Rami Malek (left) stars as “Louis Dega” and Charlie Hunnam (right) stars as “Henri ‘Papillon’ Charriére” in director Michael Noer’s PAPILLON, a Bleecker Street release. Credit: Jose Haro / Bleecker Street

REVIEW: “Papillon” ★★★ and ½

“Papillon,” from director Michael Noer and starring Charlie Hunnam and Rami Malek, is a meticulous and heartfelt ode to the remarkable true life of its title character. It’s also been done before, and doesn’t quite measure up to the previous effort.

“Papillon,” from director Michael Noer and starring Charlie Hunnam and Rami Malek, is a meticulous and heartfelt ode to the remarkable true life of its title character.

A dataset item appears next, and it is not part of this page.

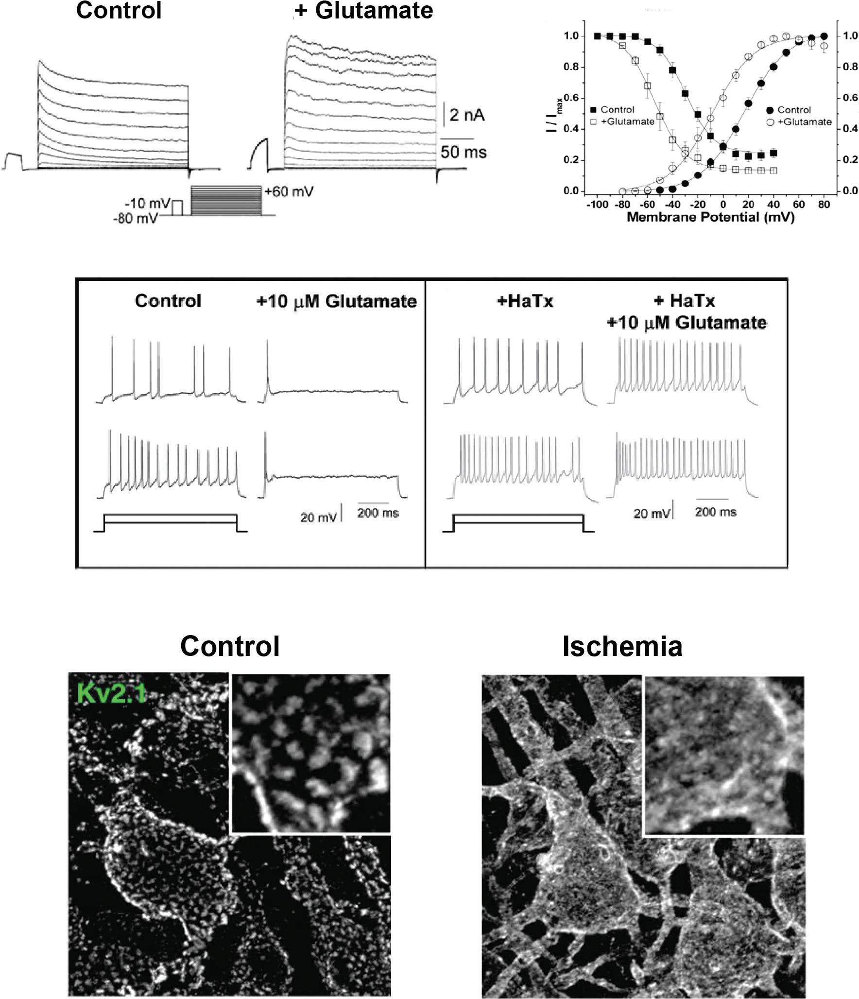 Figure 1.5 Modulation of the Kv2.1 channel. (A) Application of a low concentration of glutamate increases K+ current in cultured hippocampal neurons. (B) Glutamate alters the voltage dependence of activation and inactivation of K+ current in these neurons. (C) Left panel shows that a low concentration of glutamate suppresses the firing rate of hippocampal neurons in response to two different levels of depolarizing current. Right panel shows that the effects of glutamate on firing are abolished in the presence of hanatoxin (HaTx), an inhibitor of Kv2.1 channels. (A–C) are from Mohapatra et al. (2009). (D) Immunostaining of clusters of Kv2.1 channels on cortical neurons under control conditions and after dissolution of the clusters during acute brain ischemia (Misonou et al., 2008).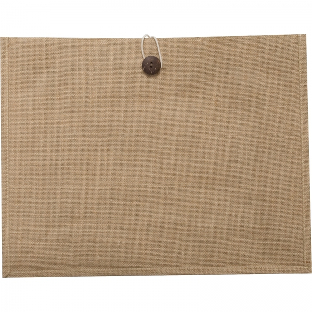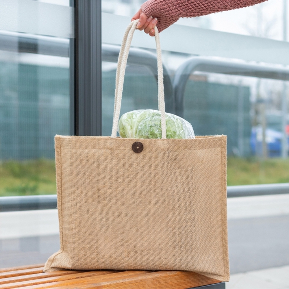 Ekologiczna torba z juty, w naturalnym kolorze, z uchwytami wykonanymi z mocnego sznurka, zamykana na guzik.

It’s also been done before, and for a certain audience comparisons to the previous effort will be inevitable.

For those new to the story, there’s a lot to like. However, there’s also much that might have been better with a stronger actor in the lead role.

One thing is certain: it’s not an easy movie to watch at times. That’s both a strength and a weakness here — which trait is the more pervasive will depend on the viewer.

What’s it about?

Hunnam plays real-life French safecracker Henri “Papillon” Charrière, who in 1931 lives the life of a dashing rogue in Paris.

He’s good at what he does. He’s respected among his peers, and he’s in love.

In other words, he’s ripe for a fall.

That fall comes in the form of a frame-job for murder. In short order he’s sentenced to a life term at a penal colony in South America.

Of course, “Papi,” as he’s known to friends, has no intention of staying. He sees a means to his escape in a fellow prisoner, Louis Dega, a forger whose diminutive physical stature makes him an easy target among the thousands of violent criminals surrounding them both.

The two men make a bargain, an alliance of necessity. Papi keeps the wolves at bay, and in return Dega eventually finances Papi’s escape. 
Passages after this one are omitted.